BEGIN SOURCE DATA

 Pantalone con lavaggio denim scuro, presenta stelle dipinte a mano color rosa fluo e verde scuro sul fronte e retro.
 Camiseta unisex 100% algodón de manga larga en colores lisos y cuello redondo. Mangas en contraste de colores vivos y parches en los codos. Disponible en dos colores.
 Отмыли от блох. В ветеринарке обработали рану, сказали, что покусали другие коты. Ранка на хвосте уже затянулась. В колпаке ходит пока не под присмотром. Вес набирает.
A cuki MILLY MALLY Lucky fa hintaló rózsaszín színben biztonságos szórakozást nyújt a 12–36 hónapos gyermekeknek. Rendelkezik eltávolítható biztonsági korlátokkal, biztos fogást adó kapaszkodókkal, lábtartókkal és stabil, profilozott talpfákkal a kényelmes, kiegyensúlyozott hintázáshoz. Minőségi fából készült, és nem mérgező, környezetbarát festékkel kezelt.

END SOURCE DATA
BEGIN SOURCE DATA

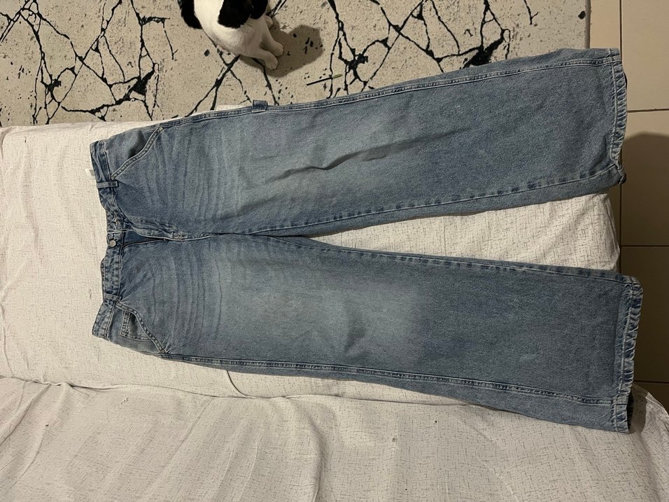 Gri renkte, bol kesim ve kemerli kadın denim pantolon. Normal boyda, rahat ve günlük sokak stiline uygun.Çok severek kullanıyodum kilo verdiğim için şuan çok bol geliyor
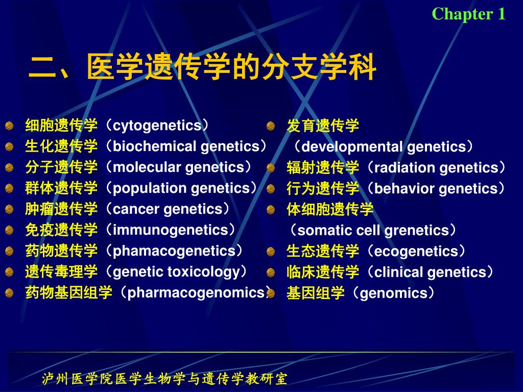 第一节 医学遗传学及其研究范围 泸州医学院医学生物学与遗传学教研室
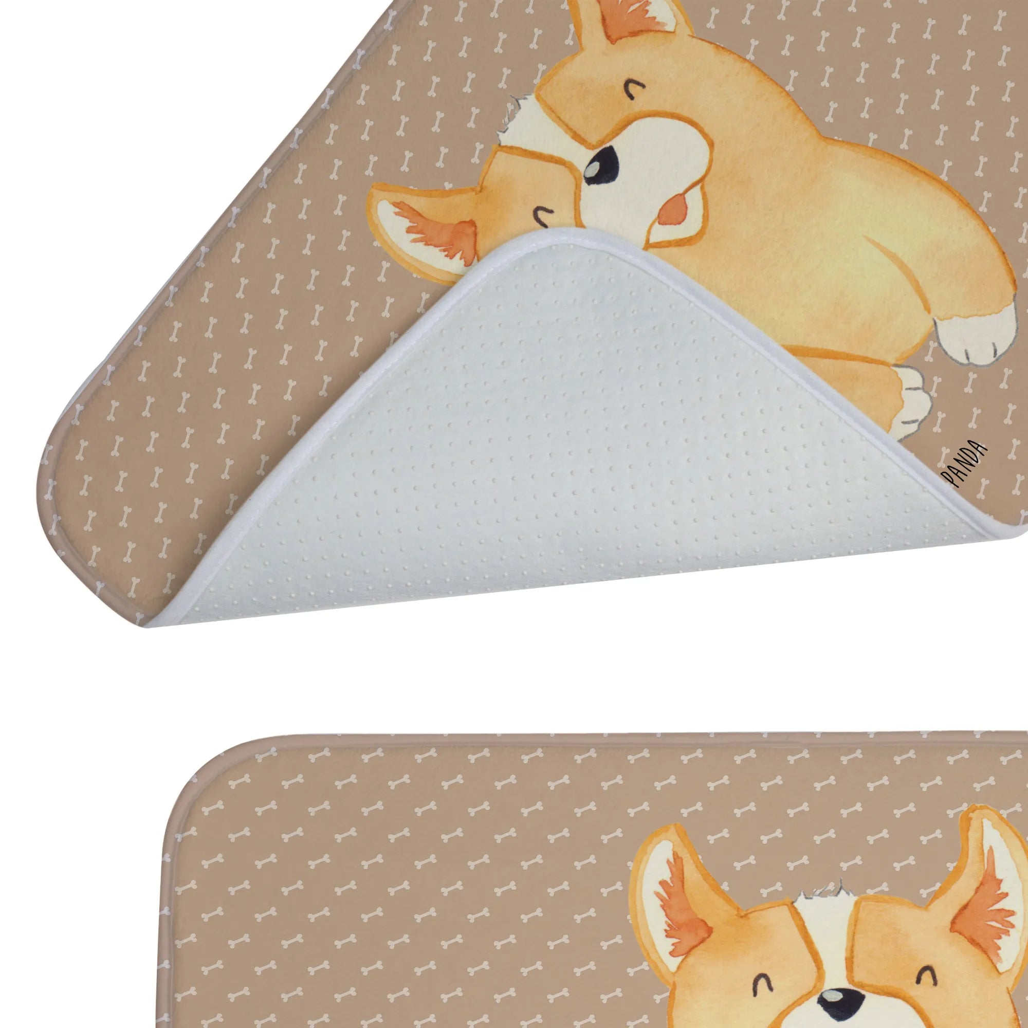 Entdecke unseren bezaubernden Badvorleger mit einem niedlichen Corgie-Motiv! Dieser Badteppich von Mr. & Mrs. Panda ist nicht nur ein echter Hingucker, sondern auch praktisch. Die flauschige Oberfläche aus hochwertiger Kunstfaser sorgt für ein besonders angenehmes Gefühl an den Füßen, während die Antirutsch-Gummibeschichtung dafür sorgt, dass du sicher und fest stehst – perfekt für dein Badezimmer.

END SOURCE DATA

# WHAT TO PRODUCE:
Take exactly the lines from the one containing "Pantalone con lavaggio" through the one containing "A cuki MILLY" in the data above, and output them with nothing added.

# RESPONSE:
 Pantalone con lavaggio denim scuro, presenta stelle dipinte a mano color rosa fluo e verde scuro sul fronte e retro.
 Camiseta unisex 100% algodón de manga larga en colores lisos y cuello redondo. Mangas en contraste de colores vivos y parches en los codos. Disponible en dos colores.
 Отмыли от блох. В ветеринарке обработали рану, сказали, что покусали другие коты. Ранка на хвосте уже затянулась. В колпаке ходит пока не под присмотром. Вес набирает.
A cuki MILLY MALLY Lucky fa hintaló rózsaszín színben biztonságos szórakozást nyújt a 12–36 hónapos gyermekeknek. Rendelkezik eltávolítható biztonsági korlátokkal, biztos fogást adó kapaszkodókkal, lábtartókkal és stabil, profilozott talpfákkal a kényelmes, kiegyensúlyozott hintázáshoz. Minőségi fából készült, és nem mérgező, környezetbarát festékkel kezelt.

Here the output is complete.